In [1]: from psycopg2cffi import connect
In [2]: c = connect('host=localhost')
In [3]: from psycopg2cffi._impl.cursor import _combine_cmd_params
In [4]: _combine_cmd_params('select %(foo)s from x', {'foo': u'ё'}, c)
Out[4]: "select '\xd1\x91' from x"

Can you check the arguments (and their types) that cause _combine_cmd_params(query, parameters, conn) to fail?

karanlyons commented 7 years ago
import psycopg2cffi
from psycopg2cffi.extras import DateTimeTZRange
from psycopg2cffi._impl.cursor import _combine_cmd_params
from datetime import datetime

conn = psycopg2cffi.connect("dbname='psycopg2_test' user='postgres' host='localhost'")

ascii_string = 'Test'
unicode_string = u'T\xe9st'
ascii_range = DateTimeTZRange(datetime.now(), datetime.now(), '[]')
unicode_range = DateTimeTZRange(datetime.now(), datetime.now(), u'[]')

# Works
_combine_cmd_params('%s', [ascii_string], conn)
_combine_cmd_params('%s', [unicode_string], conn)
_combine_cmd_params('%s', [ascii_range], conn)
_combine_cmd_params('%s', [unicode_range], conn)

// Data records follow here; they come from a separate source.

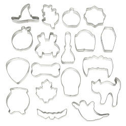 Contém as seguintes formas: chapéu de bruxa, osso, fantasma, teia de aranha, maçã, aranha, caveira, caldeirão, dentes de vampiro, caixão, lápide, vassoura, folha de carvalho, gato, abóbora, morcego, grão de milho, folha de bordo.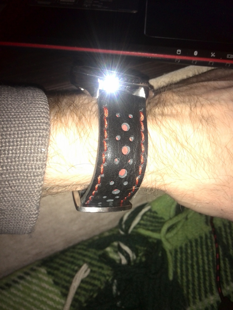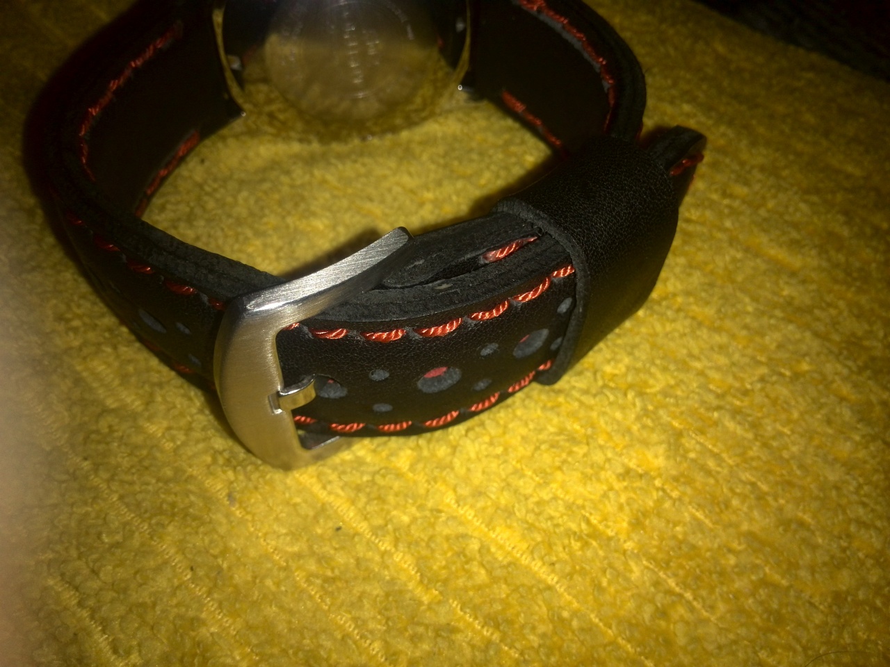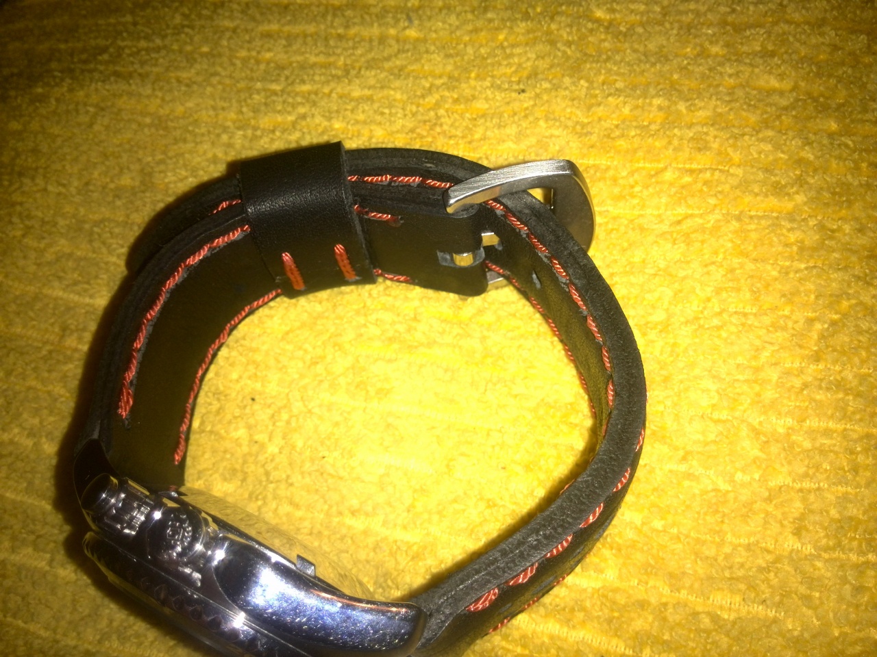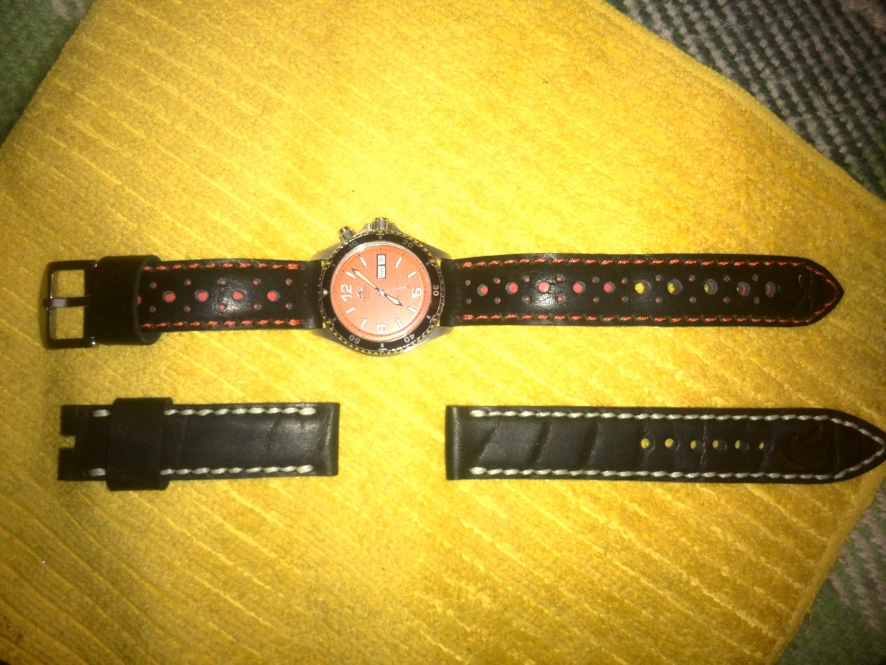 Уважаемые форумчане! Продаются 2 ремешка ручной работы на 22мм . Чёрный с красной прострочкой и перфорацией ТТХ 137 и 78мм толщина 3мм в средней части 4мм. Чёрный с белой прострочкой ТТХ 140 и 82мм толщина такая же. Прошиты капроном и вощёной нитью DAFNA . Ремешки плотные из хорошей кожи изготовлены и прошиты полностью вручную. Цена по 750р без бакли или 1000р с баклей. Любые вопросы в личку.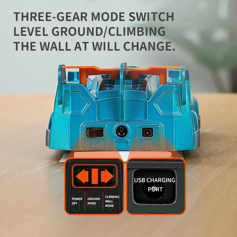 🚀 Fahren an Wänden und Decken: Durch die starke Saugkraft haftet das Auto an vertikalen Flächen und sogar an der Decke.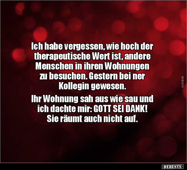 Ich habe vergessen, wie hoch der therapeutische Wert ist, andere Menschen in ihren Wohnungen zu besuchen. Gestern bei ner Kollegin gewesen. Ihr Wohnung sah aus wie sau und ich dachte mir: GOTT SEI DANK! Sie räumt auch nicht auf.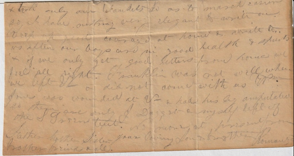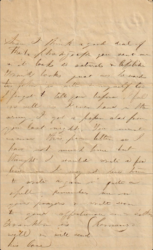 Susan, I think a good deal of that photograph you sent me and it looks so natural and lifelike. Frank looks just as he used to. John is well and myself too. I forgot to tell you before, I feel as well as I ever have in the army. I got a paper also from you last night. You must excuse this poor letter as I have not much time but thought I would write a few lines as I may not have time to write again for quite a spell. Remember me in your prayers and write soon to your affectionate son and brother. Franklin is well and will send his love. — Romanzo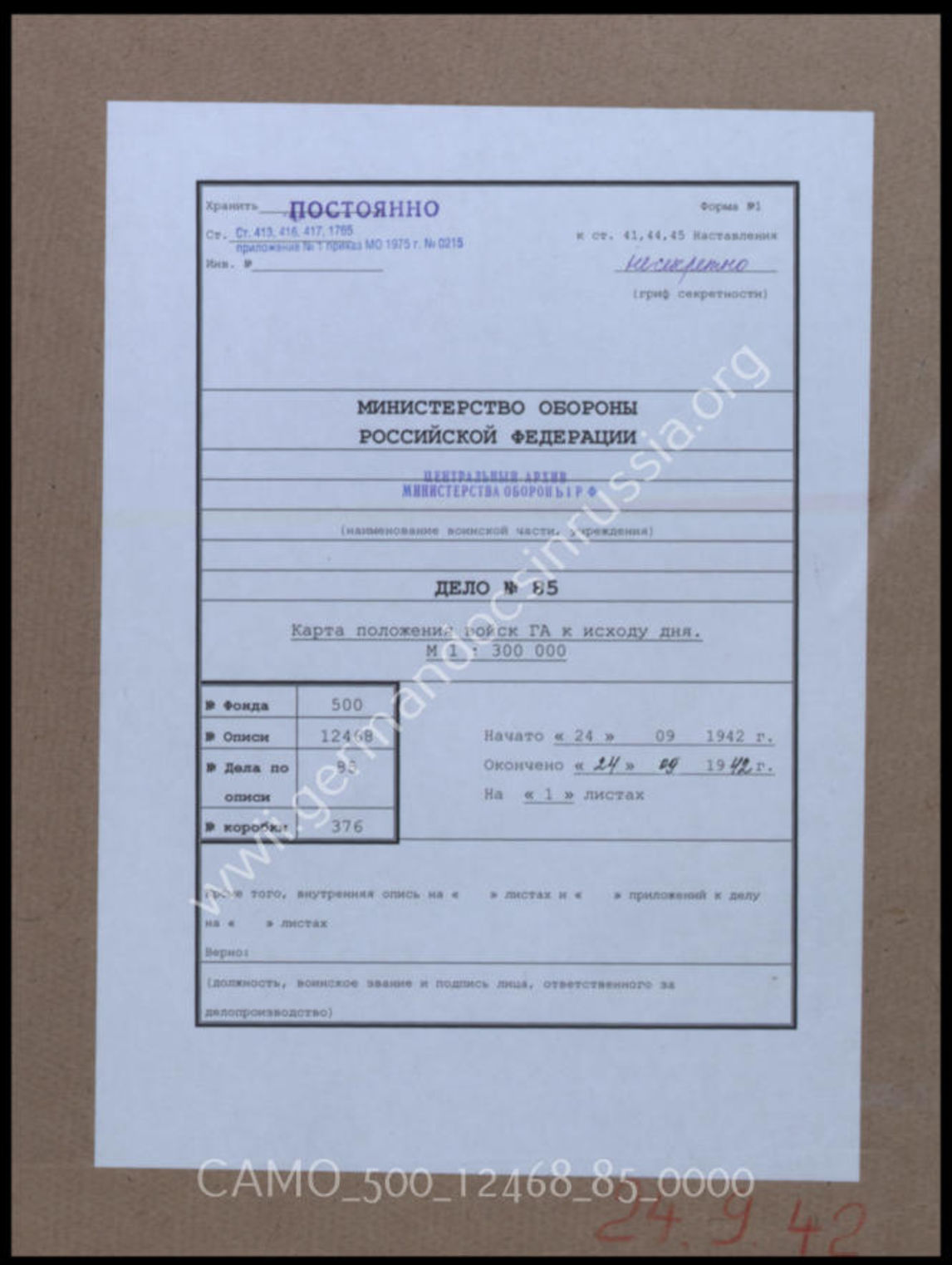 Akte 85: Unterlagen der Operationsabteilung IIIb des Generalstabes des Heeres beim OKH: Karte zur Lage der Heeresgruppe B an der deutsch-sowjetischen Front, einschließlich Zusammenstellung der Panzerlage – Stand 24. September 1942, M 1:300.000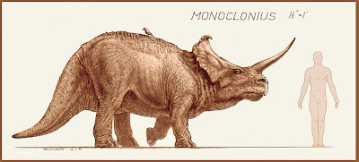 | Monoclonius drawing is from Jim's production TIMEGATE. The film was not finished. Drawn in graphite and reproduced as a brown-line print for presentation. |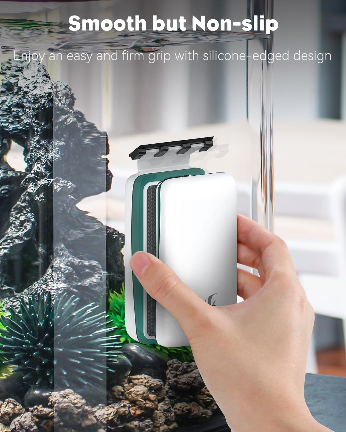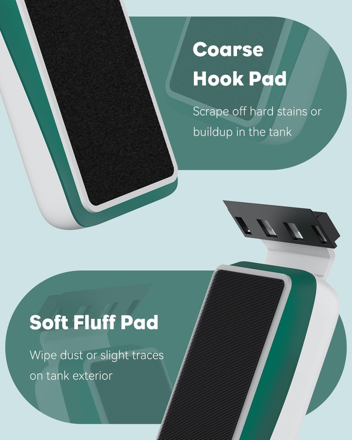 Double-Sided Aquarium Cleaner: The coarse pad effectively removes tough stains or buildup in the tank without scratching the glass. And the soft fluff pad wipes away any water spot or dust on the tank exterior. Thoroughly polish your aquarium to be see-through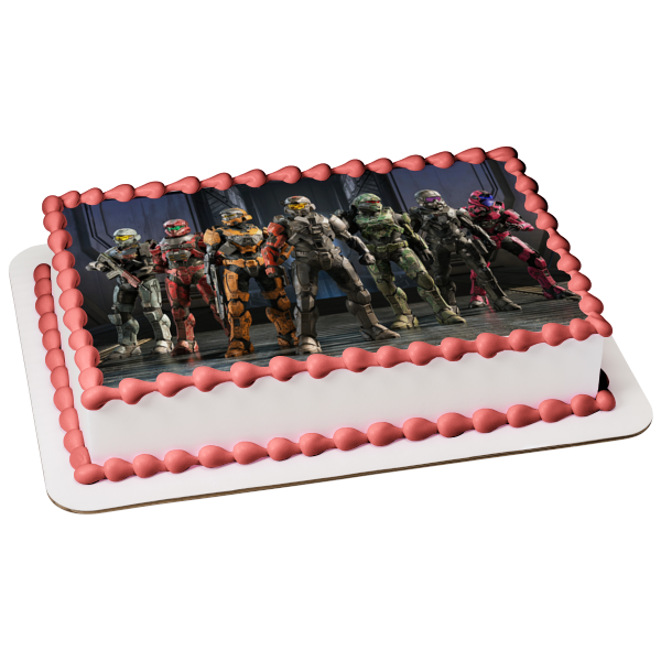 Decorate your Cake with this Halo Infinite themed Edible Cake Topper Image featuring Master Chief and Others!
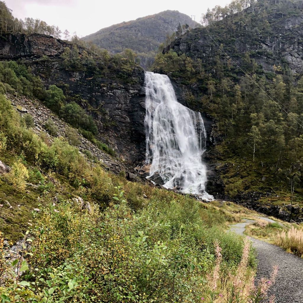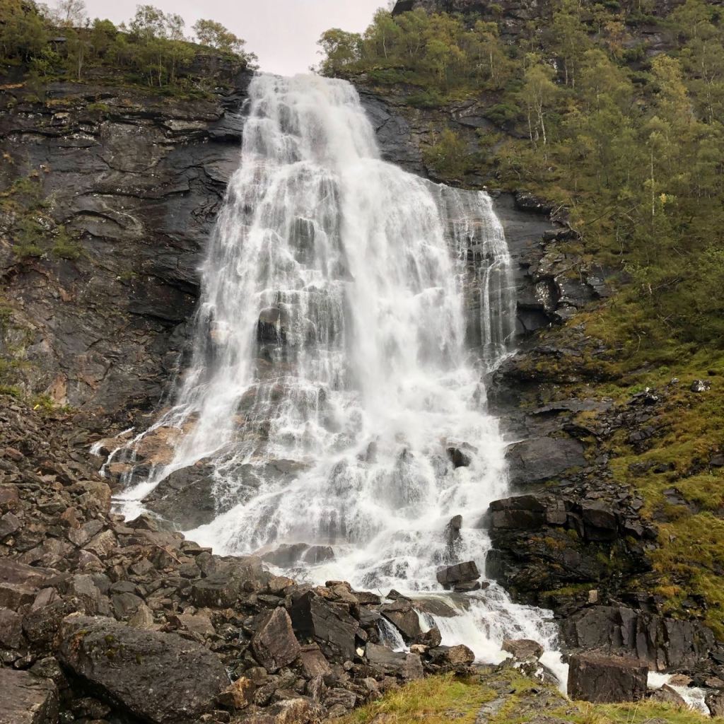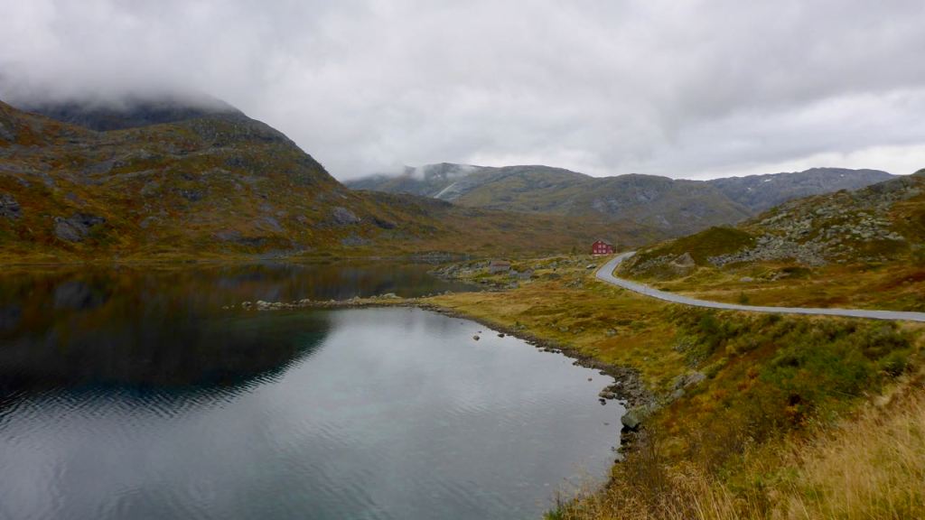 Dem See Sandvinvatnet folgend mit eindrücklichen Berghängen an den Wasserfällen Låtefossen, Wasser überall, bis hinauf in die Pässe herrscht Regen vor, irgend wann geht dieser dann in nassen Schnee über. Erst in wieder tieferen Lagen hellt sich der Himmel etwas auf, so dass wir in Bø einen trockenen Abend erleben.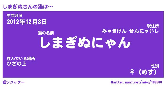 | ファンタジー風あだ名 | 『シマフェル』『エターナルシマギヌー』 |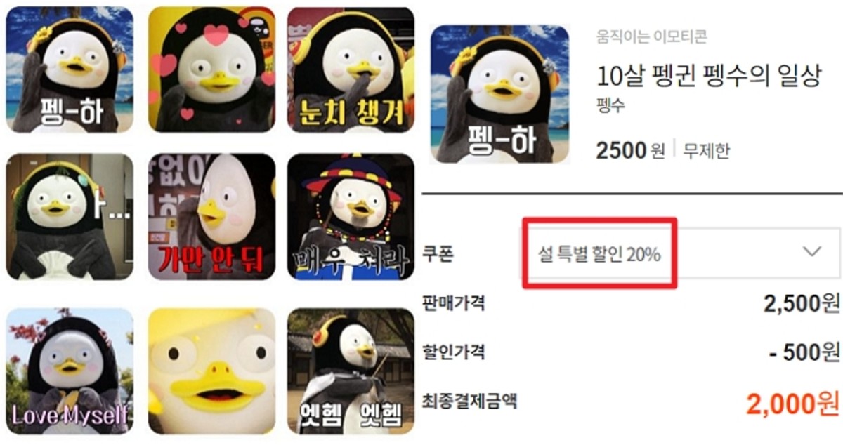 단 쿠폰 사용 기간은 지급 시간으로부터 1일이고 이모티콘 결제창에서 설 특별할인 20% 쿠폰을 적용해야만 할인된 가격으로 결제되니 유의하자.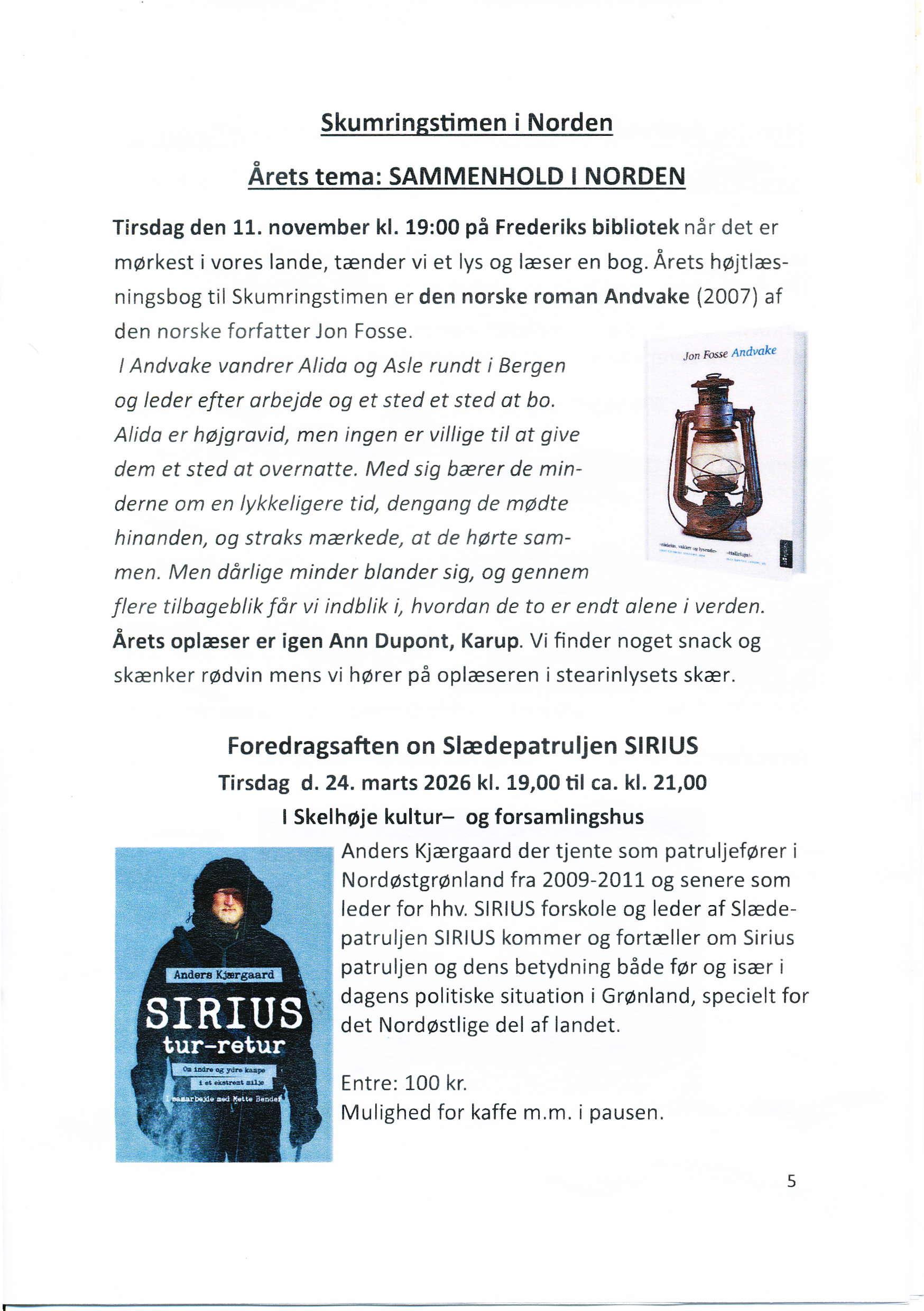 Tirsdag den 11. november kl. 19:00 på Frederiks bibliotek når det er mørkest i vores lande, tænder vi et lys og læser en bog. Årets højtlæsningsbog til Skumringstimen er den norske roman Andvake (2007) af den norske forfatterJon Fosse.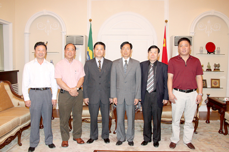 中新網4月17日電 據巴西南美僑報/巴西僑網報道,驚悉中國青海玉樹發生地震后,4月16日中午,圣保羅華人社團部分僑領吳耀宙、陳榮正、何安、張偉趕到中國駐圣保羅總領館,了解地震受災情況,表達僑胞募捐救災意愿。孫榮茂總領事、邊春剛副總領事接待了各位僑領并通報了災區情況。

_combine_cmd_params('%s %s', [ascii_string, ascii_range], conn)
_combine_cmd_params('%s %s', [unicode_string, ascii_range], conn)
_combine_cmd_params('%s %s', [ascii_range, unicode_range], conn)

# Fails
_combine_cmd_params('%s %s', [unicode_string, unicode_range], conn)

Please tell me that last one fails for you too. This bug is either more complex than I thought or I’m insane, and I’m really hoping for the former.

lopuhin commented 7 years ago

Yes, that does fail for me, thanks a lot for building a reproducer! Technically this is a bug in how Range objects are adapted, but the actual issue is deeper - b helper defined here https://github.com/chtd/psycopg2cffi/blob/master/psycopg2cffi/extensions.py#L69 is not what you would expect given it's name :) Ideally I should get rid of it - luckily it's used only in _range and in tests, so it should not touch too much code.